§ **AIM OF THE EXERCISE**
Every record must be transcribed in its entirety, apart from the images, which are to be omitted.

Stored entries
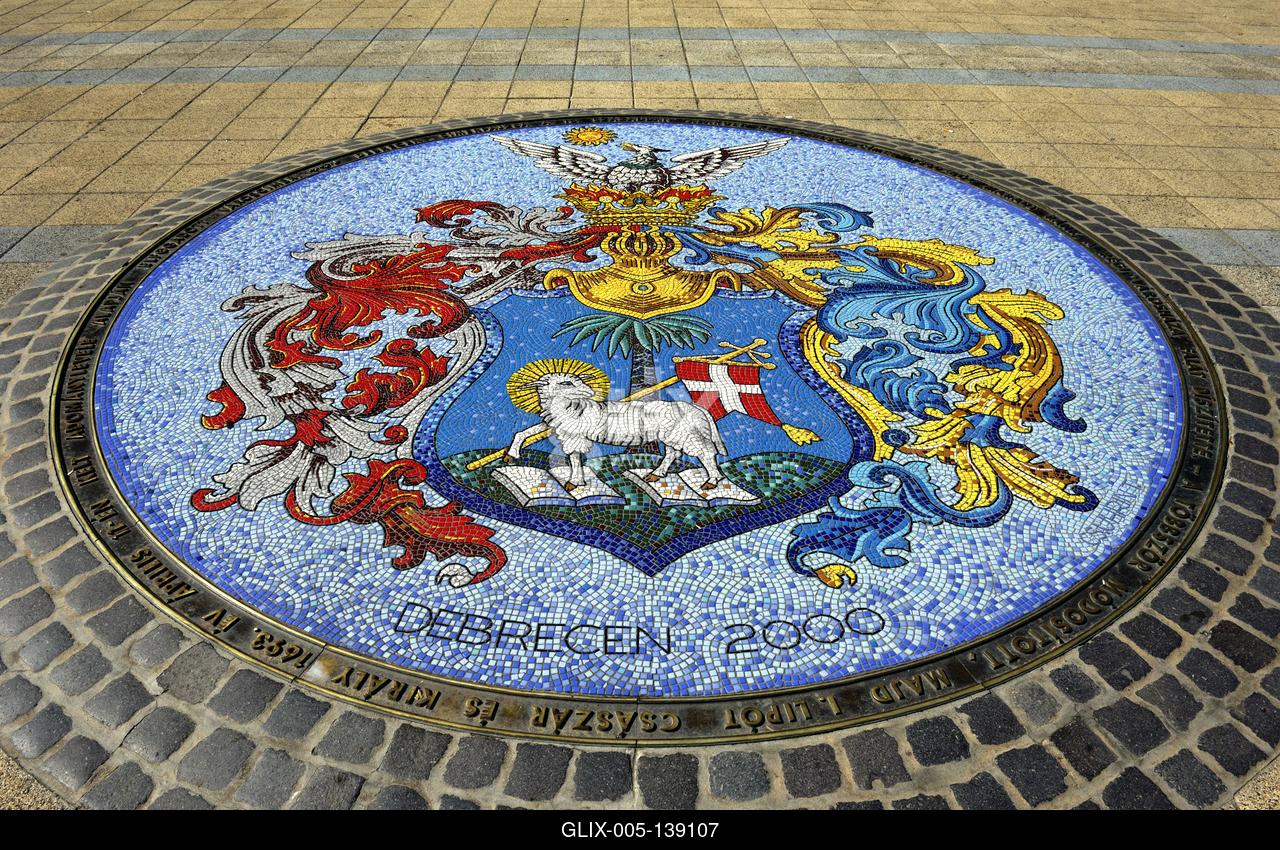 Debrecen címere a Kossuth téren. Fél évig készült, és csaknem 180 ezer mozaikelem alkotja a cívisváros jelképét ábrázoló, művészi mozaikot, ami a Kossuth teret ékesíti.
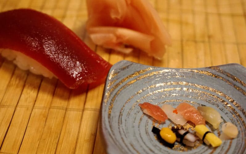 マグロの赤身に中トロ、カレイ、ホッキ貝。ウニ、タコ、たまごにガリを添える。しっかり7貫、一人前の寿司(すし)だが、おなかいっぱいになるのは難しい。すべて一粒のシャリで握った「一粒寿司」だからだ。
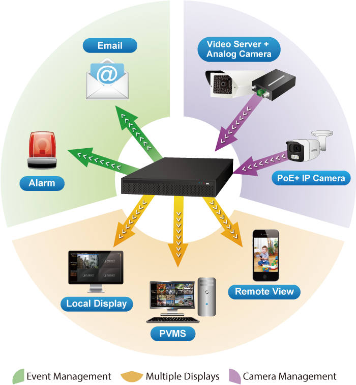 El NVR-2516P proporciona capacidad de gestión de vigilancia central con la adopción de su software de gestión de vídeo PLANET incluido. Con el PVMS, el sistema NVR-2516P NVR se puede ampliar para la gestión multisitio de hasta 256 canales de cámaras IP simultáneamente. Además, los usuarios pueden monitorear el NVR a través del visor de aplicaciones móviles o el navegador web en cualquier momento y en cualquier lugar.
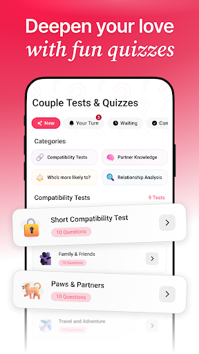 你有没有想过在玩得开心的同时加强你们的关系!<br><br>无论您是新婚夫妇还是异地恋,还是希望加深与配偶或长期伴侣的联系,“情侣”都可以为您的关系增添乐趣。<br><br>“情侣”是交流和加深亲密关系的最简单方式。<br><br>作为日常工作,您可以回答专家准备的日常问题。在你们俩都解决之前,您无法看到伴侣的答案。<br><br><br>比较功能使您能够发现您的伴侣对您的看法。只需选择一个主题并以有趣的方式了解更多关于您的伴侣的信息。不要忘记诚实<br>如果您正在寻找可以在您的关系中发展的领域并了解优势,我们的许多不同主题的情侣测验都在这里为您服务。通过解决每周测验,您将实现改进。 ≈<br><br>最后,情侣游戏是我们应用程序中最具挑战性的功能<br>如果你认为你很了解你的伴侣,那就试试你的知识并猜测你的伴侣的答案。<br><br>有很多不同的游戏主题,你一定会喜欢的<br><br> 特征<br><br>- 使用应用程序中的唯一代码与您的合作伙伴配对<br>- 每天与您的合作伙伴一起回答专家准备的日常问题,以便更加亲近。<br>- 将自己与您的伴侣在不同主题上进行比较,看看您的伴侣对您的看法<br>- 玩几个游戏来测试你对伴侣的了解,看看谁更了解!<br>- 通过完成测验来展示您的优势和劣势,并建立更健康的关系。<br>- 在您的个人资料上跟踪您作为一对夫妇的发展<br>- 答案和猜测保存在应用程序内存中,方便以后使用<br><br>话题<br><br>👉通讯<br>👉金钱与金融<br>👉未来与梦想<br>👉家人和朋友<br>👉性和亲密关系<br>👉乐趣和活动等等……<br><br>请注意,“夫妻”和此处包含的材料、信息并非旨在也不构成医学、心理或心理健康建议或诊断,并且不得用于此类目的。您应始终就您的具体情况咨询合格的医生或心理健康专家。<br><br><br>条款和条件:codeway.co/couples-terms<br><br>隐私政策和 EULA:codeway.co/couples-privacy
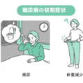 高齢男性(おじいさん)の糖尿病初期症状を4つのシーンで解説したイラストセットです。 1. 多飲・口渇:喉が渇いてペットボトルの水を大量に飲む 2. 多尿・頻尿:夜中にトイレに起きる(前立腺肥大症との識別に注意) 3. 体重減少:食べているのに急に痩せてズボンが緩くなる(悪性腫瘍やフレイルとの識別に注意) 4. 全身倦怠感:体がだるく、ため息をつく(男性更年期障害やうつとの混同に注意) 高齢者の健康管理、デイサービス利用者のご家族向け配布資料、地域包括支援センターの啓発ポスターなどに最適な、分かりやすい図解素材です。
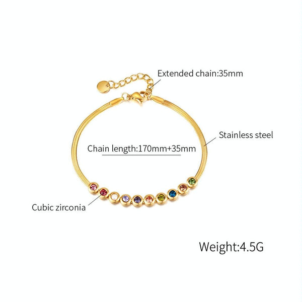 OPK GS1431 Titanium Steel Colorful Zirconia Hand Jewelry Stainless Steel Flat Chain Bracelet, Color: Gold
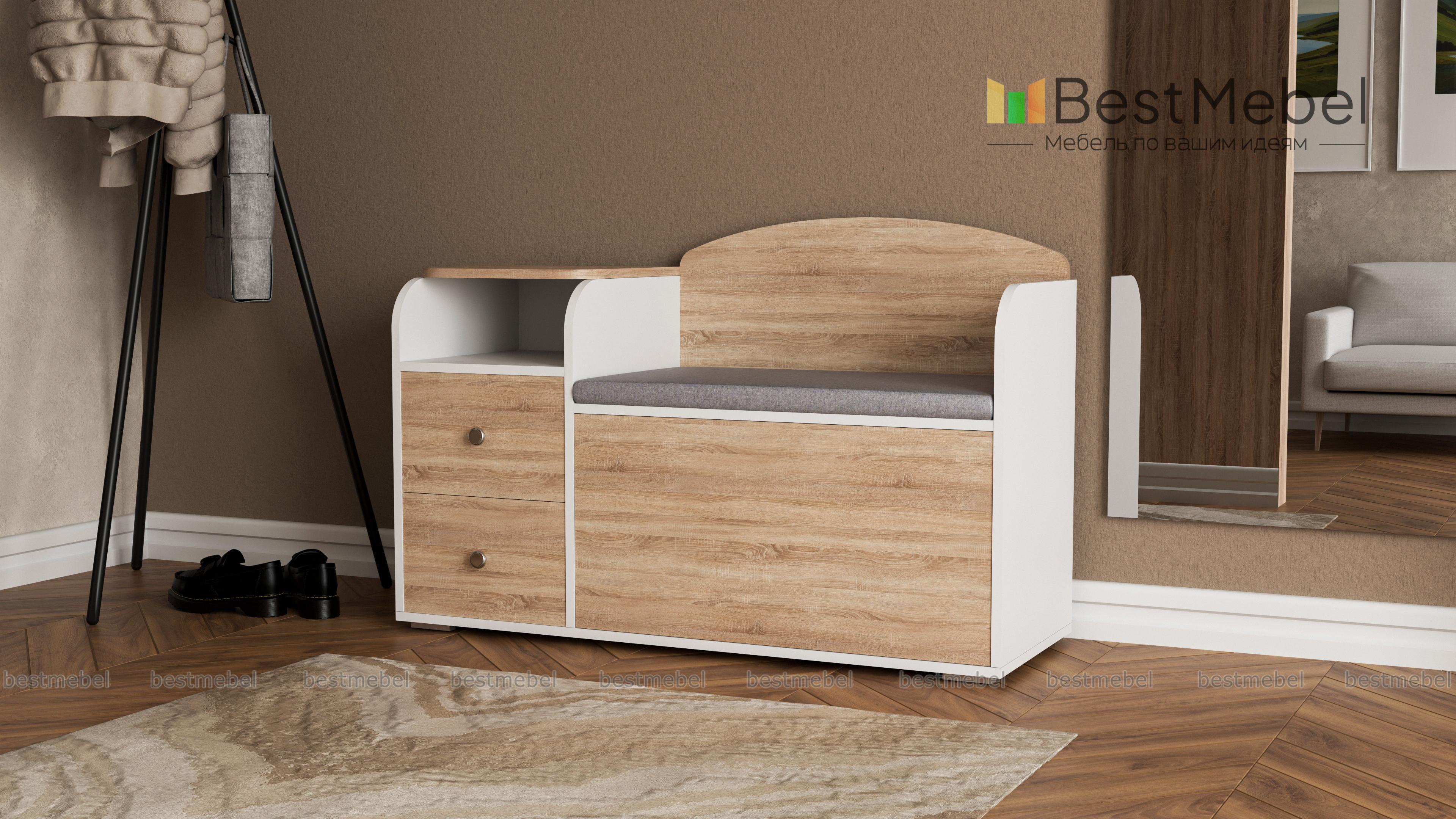 Тумба для обуви классная.Очень симпатично смотрится. Удобная и вместительная.Сидушка мягкая экокожа светлая.
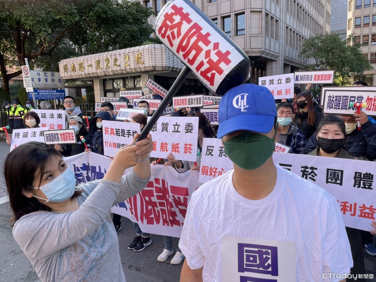陳抗民眾在場外上演行動劇,拿出代表民意的大錘子狠狠敲醒這些立委,讓他們認清國民健康才是最重要的。且根據衛福部統計,青少年吸食電子煙恐已超過5.7萬人,立委豈能延宕修法,導致校園充斥電子煙而無法可管。
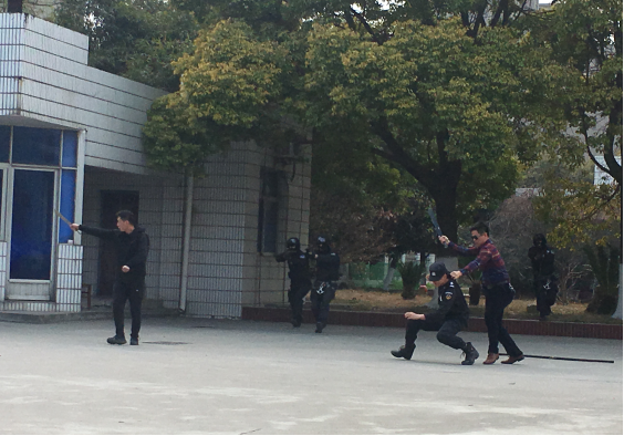 本次演練以在全國“兩會”召開前夕,2名暴恐份子密謀在市供水總公司三水廠采取投毒方式實(shí)施暴恐襲擊為背景展開。市公安局指揮中心接到水廠員工報(bào)案,2名暴恐份子駕車攜帶劇毒氰化物和匕首來到三水廠,密謀投毒、傷人。市公安局指揮中心立即派轄區(qū)派出所和巡邏組前往處置。在投毒失敗后,嫌疑人刺傷安保人員并挾持人質(zhì),與民警對峙。隨后,市公安局迅速啟動反恐防范一級響應(yīng),調(diào)派轄區(qū)分局、巡特警、刑偵、交警等部門趕赴現(xiàn)場開展工作。短短3分鐘,暴徒迅速被控制,其中有一名暴徒被當(dāng)場擊斃,人質(zhì)被成功解救。之后,120急救中心趕往現(xiàn)場救治,同時(shí)環(huán)境監(jiān)測部門迅速開展水質(zhì)檢測評估,確保水廠供水安全。至此,反恐防暴演練活動順利結(jié)束。

§ **EXERCISE RESULT**
 Debrecen címere a Kossuth téren. Fél évig készült, és csaknem 180 ezer mozaikelem alkotja a cívisváros jelképét ábrázoló, művészi mozaikot, ami a Kossuth teret ékesíti.
 マグロの赤身に中トロ、カレイ、ホッキ貝。ウニ、タコ、たまごにガリを添える。しっかり7貫、一人前の寿司(すし)だが、おなかいっぱいになるのは難しい。すべて一粒のシャリで握った「一粒寿司」だからだ。
 El NVR-2516P proporciona capacidad de gestión de vigilancia central con la adopción de su software de gestión de vídeo PLANET incluido. Con el PVMS, el sistema NVR-2516P NVR se puede ampliar para la gestión multisitio de hasta 256 canales de cámaras IP simultáneamente. Además, los usuarios pueden monitorear el NVR a través del visor de aplicaciones móviles o el navegador web en cualquier momento y en cualquier lugar.
 你有没有想过在玩得开心的同时加强你们的关系!<br><br>无论您是新婚夫妇还是异地恋,还是希望加深与配偶或长期伴侣的联系,“情侣”都可以为您的关系增添乐趣。<br><br>“情侣”是交流和加深亲密关系的最简单方式。<br><br>作为日常工作,您可以回答专家准备的日常问题。在你们俩都解决之前,您无法看到伴侣的答案。<br><br><br>比较功能使您能够发现您的伴侣对您的看法。只需选择一个主题并以有趣的方式了解更多关于您的伴侣的信息。不要忘记诚实<br>如果您正在寻找可以在您的关系中发展的领域并了解优势,我们的许多不同主题的情侣测验都在这里为您服务。通过解决每周测验,您将实现改进。 ≈<br><br>最后,情侣游戏是我们应用程序中最具挑战性的功能<br>如果你认为你很了解你的伴侣,那就试试你的知识并猜测你的伴侣的答案。<br><br>有很多不同的游戏主题,你一定会喜欢的<br><br> 特征<br><br>- 使用应用程序中的唯一代码与您的合作伙伴配对<br>- 每天与您的合作伙伴一起回答专家准备的日常问题,以便更加亲近。<br>- 将自己与您的伴侣在不同主题上进行比较,看看您的伴侣对您的看法<br>- 玩几个游戏来测试你对伴侣的了解,看看谁更了解!<br>- 通过完成测验来展示您的优势和劣势,并建立更健康的关系。<br>- 在您的个人资料上跟踪您作为一对夫妇的发展<br>- 答案和猜测保存在应用程序内存中,方便以后使用<br><br>话题<br><br>👉通讯<br>👉金钱与金融<br>👉未来与梦想<br>👉家人和朋友<br>👉性和亲密关系<br>👉乐趣和活动等等……<br><br>请注意,“夫妻”和此处包含的材料、信息并非旨在也不构成医学、心理或心理健康建议或诊断,并且不得用于此类目的。您应始终就您的具体情况咨询合格的医生或心理健康专家。<br><br><br>条款和条件:codeway.co/couples-terms<br><br>隐私政策和 EULA:codeway.co/couples-privacy
 高齢男性(おじいさん)の糖尿病初期症状を4つのシーンで解説したイラストセットです。 1. 多飲・口渇:喉が渇いてペットボトルの水を大量に飲む 2. 多尿・頻尿:夜中にトイレに起きる(前立腺肥大症との識別に注意) 3. 体重減少:食べているのに急に痩せてズボンが緩くなる(悪性腫瘍やフレイルとの識別に注意) 4. 全身倦怠感:体がだるく、ため息をつく(男性更年期障害やうつとの混同に注意) 高齢者の健康管理、デイサービス利用者のご家族向け配布資料、地域包括支援センターの啓発ポスターなどに最適な、分かりやすい図解素材です。
 OPK GS1431 Titanium Steel Colorful Zirconia Hand Jewelry Stainless Steel Flat Chain Bracelet, Color: Gold
 Тумба для обуви классная.Очень симпатично смотрится. Удобная и вместительная.Сидушка мягкая экокожа светлая.
陳抗民眾在場外上演行動劇,拿出代表民意的大錘子狠狠敲醒這些立委,讓他們認清國民健康才是最重要的。且根據衛福部統計,青少年吸食電子煙恐已超過5.7萬人,立委豈能延宕修法,導致校園充斥電子煙而無法可管。
 本次演練以在全國“兩會”召開前夕,2名暴恐份子密謀在市供水總公司三水廠采取投毒方式實(shí)施暴恐襲擊為背景展開。市公安局指揮中心接到水廠員工報(bào)案,2名暴恐份子駕車攜帶劇毒氰化物和匕首來到三水廠,密謀投毒、傷人。市公安局指揮中心立即派轄區(qū)派出所和巡邏組前往處置。在投毒失敗后,嫌疑人刺傷安保人員并挾持人質(zhì),與民警對峙。隨后,市公安局迅速啟動反恐防范一級響應(yīng),調(diào)派轄區(qū)分局、巡特警、刑偵、交警等部門趕赴現(xiàn)場開展工作。短短3分鐘,暴徒迅速被控制,其中有一名暴徒被當(dāng)場擊斃,人質(zhì)被成功解救。之后,120急救中心趕往現(xiàn)場救治,同時(shí)環(huán)境監(jiān)測部門迅速開展水質(zhì)檢測評估,確保水廠供水安全。至此,反恐防暴演練活動順利結(jié)束。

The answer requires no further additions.